Rather than keys, Alice will typically sign a document (e.g. an X.509 to-be-
signed certificate)

Mallory creates two documents, the legitimate seeming document A (a to-be-
signed certificate Alice willingly signs) and document B (the content of which
is controlled by Mallory to an extent depending on the details of the
collision). In document A I'm sure Alice will insist on the date being roughly
correct so you'd detect that. But Alice never sees document B, she isn't aware
it exists, so it can specify any date, including one chosen not to set off
alarms.

For the Web PKI we were triply safe because:

1\. We told Alice (the public CAs) never to sign anything at all with the
dangerous algorithm after a set date. So long as Mallory wasn't able to
develop and use a collision before that date and Alice did as she was told‡
this would be safe in perpetuity.

2\. We already had a countermeasure in the documents, very early in each Web
PKI X.509 certificate is the Serial Number, if you look at yours you'll notice
it's a crazy huge number and seemingly not "serial" in any sense. It's random.
Can't do a chosen prefix collision attack if you can't choose the prefix.

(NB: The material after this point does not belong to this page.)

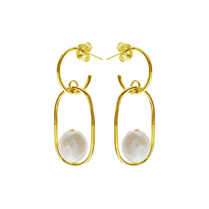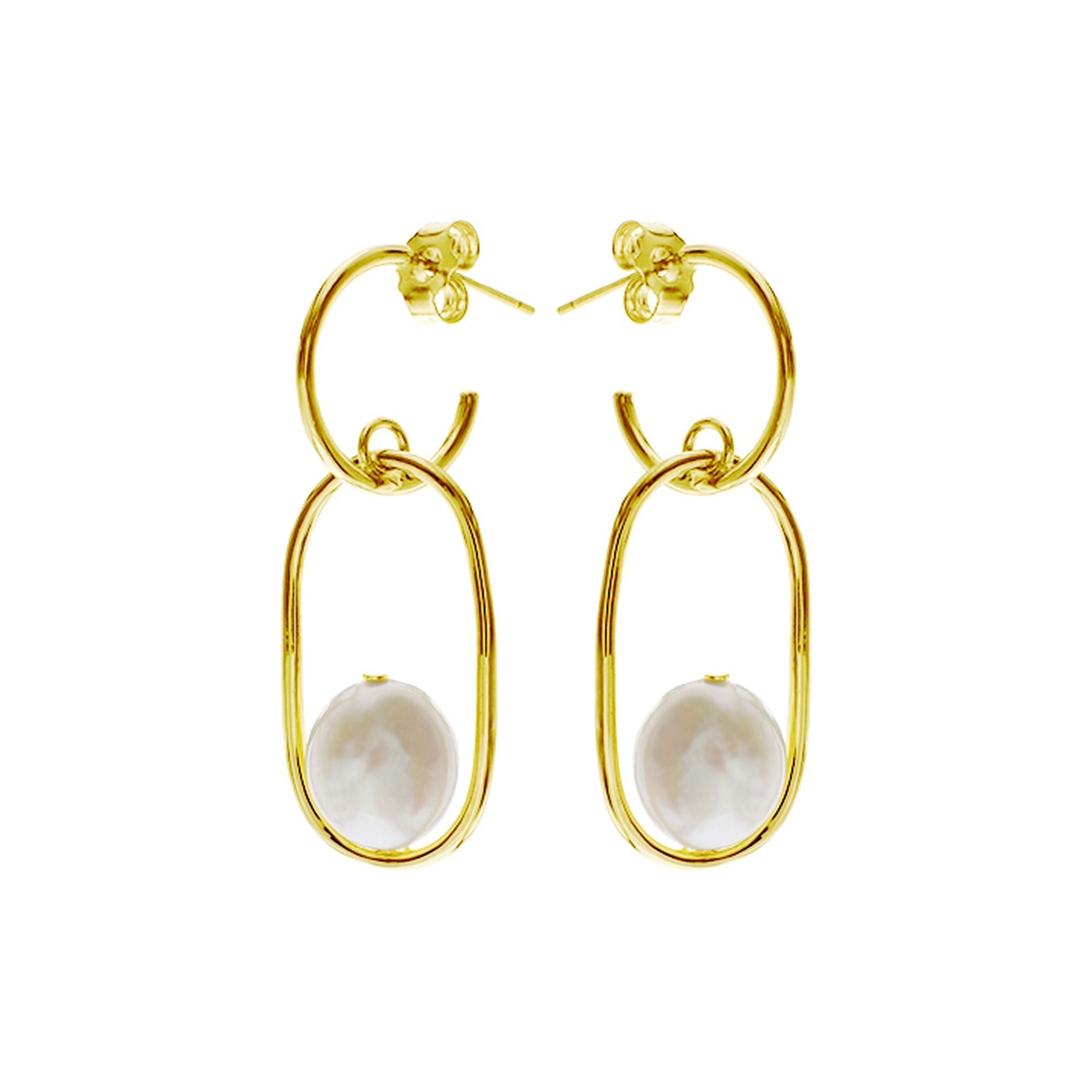 Yellow vermeil 13mm hoop and rounded rectangle with pearl

3\. Since no more new documents were being signed clients in the Web PKI were
able to stop recognising these signatures thus permanently ensuring the attack
was impossible within about 18 months.

‡ A very small number of exceptions were explicitly granted, and a similarly
small number of exceptional cases occurred for which no permission was asked.
All investigated to everybody's satisfaction. As you may see if you poke
around in the demo documents from this article, a collision document may not
jump out as problematic from a crowd but it certainly isn't so innocuous as to
survive careful scrutiny, and with such a small number of exceptions to look
at this scrutiny was possible in a way it never would be for the wider Web
PKI.

------
ebg13
Quick question about the "What should I do" section. It says " _use instead
SHA-256_ ". Isn't SHA-512 both better and faster on modern hardware?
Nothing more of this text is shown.